:: YOUR INSTRUCTIONS ::
Search the listing below for the string "incômodo" and show each line that contains it.

:: RECORDS SUPPLIED ::
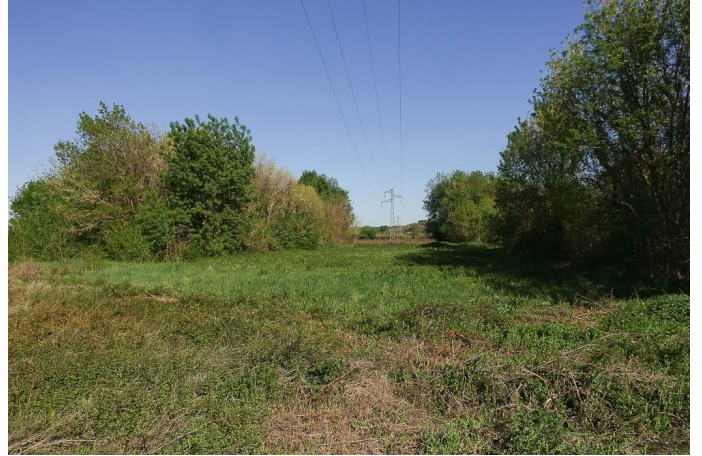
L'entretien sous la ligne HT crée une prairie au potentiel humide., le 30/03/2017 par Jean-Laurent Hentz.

---

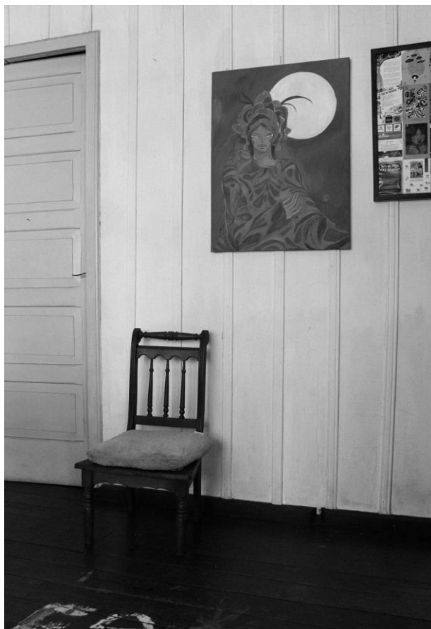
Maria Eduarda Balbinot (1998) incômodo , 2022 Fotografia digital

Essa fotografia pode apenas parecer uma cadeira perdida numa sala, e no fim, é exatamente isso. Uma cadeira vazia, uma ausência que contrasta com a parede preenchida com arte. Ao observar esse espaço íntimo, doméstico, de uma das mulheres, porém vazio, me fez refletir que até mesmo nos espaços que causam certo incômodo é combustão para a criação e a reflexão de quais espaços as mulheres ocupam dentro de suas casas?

:: TASK RESPONSE ::
Maria Eduarda Balbinot (1998) incômodo , 2022 Fotografia digital
Essa fotografia pode apenas parecer uma cadeira perdida numa sala, e no fim, é exatamente isso. Uma cadeira vazia, uma ausência que contrasta com a parede preenchida com arte. Ao observar esse espaço íntimo, doméstico, de uma das mulheres, porém vazio, me fez refletir que até mesmo nos espaços que causam certo incômodo é combustão para a criação e a reflexão de quais espaços as mulheres ocupam dentro de suas casas?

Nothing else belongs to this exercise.